Slashdot Mirror


Intel Sandy Bridge Desktop and Mobile CPUs

Vigile writes "The new Intel Sandy Bridge architecture is being launched at CES this week but the reviews and benchmarks are out today. PC Perspective took a look at both the desktop and mobile variants, the former of which turns out to be quite an impressive processor for both highly threaded and single threaded applications. With some tweaks to the execution unit, a new Turbo Boost mode that increases clock speeds dynamically and a vastly improved integrated graphics implementation, the Core i7-2600K improves in every aspect. Also interestingly, the most expensive desktop part will start at $317, putting the screws to AMD yet again. On the mobile side of things, PC Perspective tested the quad-core Core i7-2820QM and the benchmark results are equally impressive; especially when looking at the gaming performance using integrated graphics. Sandy Bridge will no doubt put quite a dent in the discrete notebook graphics market for NVIDIA and AMD."

5 of 116 comments (clear)

  1. Additional Story Resources by Anonymous Coward · · Score: 5, Informative
    1. Re:Additional Story Resources by Vigile · · Score: 4, Informative

      Agreed! The more people read about these products the better informed. A couple more:

      bit-tech: http://bit-tech.net/hardware/2011/01/03/intel-sandy-bridge-review/1

      Neoseeker: http://neoseeker.com/Articles/Hardware/Reviews/Intel_i7_2600K_Intel_i5_2500K

  2. Re:Impressive graphics ? by RedK · · Score: 5, Informative

    The 320M is not a discrete graphics option, it's an integrated graphics option, same as this SB GPU. So you disagree out of ignorance more than disagreement. This is again a really poor showing on Intel's part.

    --
    "Not to mention all the idiots who use words like boxen."
    Anonymous Coward on Monday August 04, @06:49PM
  3. Re:Impressive graphics ? by RedK · · Score: 4, Informative

    The 320M used in Macs shares memory with main system memory. That used the be the definition of an integrated graphics part. Dedicated/discrete GPUs have their own memory, hence the dedicated/discrete part of the name. I've been following graphics cards/benchmarks/terminology since the mid-90s and 3Dfx's rise to fame.

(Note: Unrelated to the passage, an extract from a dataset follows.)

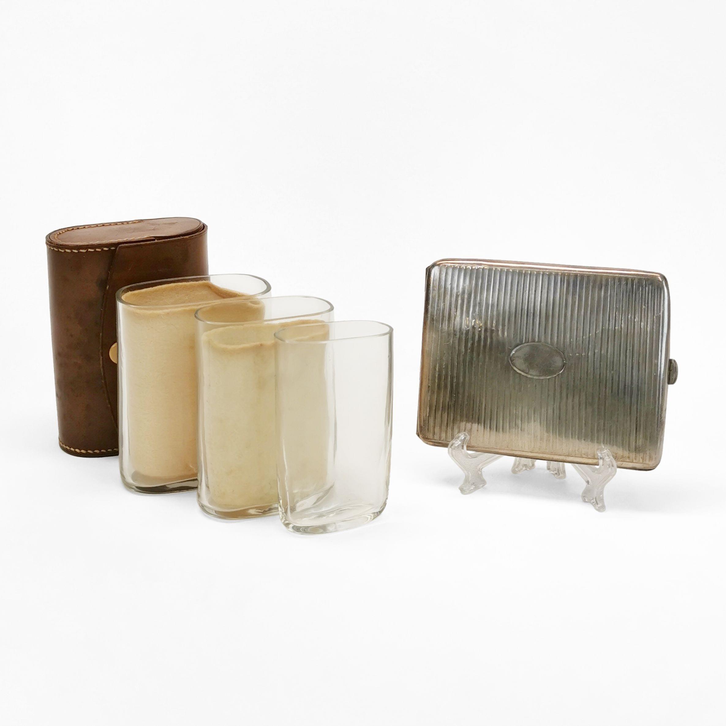 4339. Un étui contenant trois verres gigognes et 1 étui à cigarettes

    The 320M I'm talking about and that Anand used is integrated in the chipset, same as all the Intel graphics before it, so it shares its die with a memory controller, a SATA controller, a PCI interface and a USB controller. It is the very definition of an integrated graphics part. Intel only decided to move the part from the chipset and integrate more on the CPU die itself. That doesn't make their showing any more impressive.

    --
    "Not to mention all the idiots who use words like boxen."